From: Andrew Babb <andrewb_at_mail.com>
Date: Fri, 14 May 1999 09:16:31 +0800
Message-ID: <373B796E.9FEAE3A7@mail.com>


Hi Richard,

The first thing you need to know, is where is the corruption!

If the block corruption is in unused space, then you could try and create a DO_NOT_DELETE table over the bad blocks, If the corruption is associated with an index, the you could drop the index, create the DO_NOT_DELETE object, and then recreate the index, If the corruption is associated with a table, then you have a problem (obviously). First you need to try and export the data using standard exp, but this will probably fail, so you then need to try the hidden parameter that allows the database to skip a bad block (check with Oracle for the parameter, a hint "it's hidden aka underscore), and then re perform the export.

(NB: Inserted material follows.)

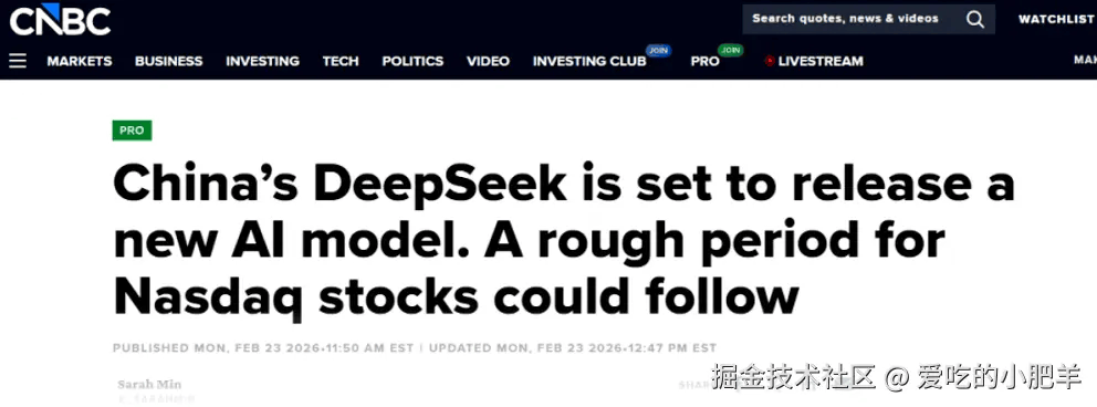 但这组数据已经有人出来打假了,说部分截图存在明显问题,数字本身不可靠。 所以这些就先存疑。等正式发布再说。 发布时间方面,路透社说最快下周,也有说 3 月前后的。 反正,应该是近在咫尺了。 然后就是 CNBC 那篇预警。 标题大概是:纳斯达克可能迎来"DeepSeek 第二时刻"。

You will need the table with the corruption, and if you are intending to recreate the tablespace, then you also need all other objects.

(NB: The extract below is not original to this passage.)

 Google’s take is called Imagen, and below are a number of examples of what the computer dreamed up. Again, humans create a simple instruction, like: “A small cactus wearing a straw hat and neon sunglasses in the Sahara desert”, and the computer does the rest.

The bad news though is trying to identify what has been corrupted, and what records have been left hanging without the corrupted parents, or even parents without the corrupted child. If you are running RI on the database then you can use the validate table options.

Good luck,
Andrew

BTW - To obtain the object that is corrupted, incase you don't know.

Take file_id and block_id reported by DBVerify and pass into this query.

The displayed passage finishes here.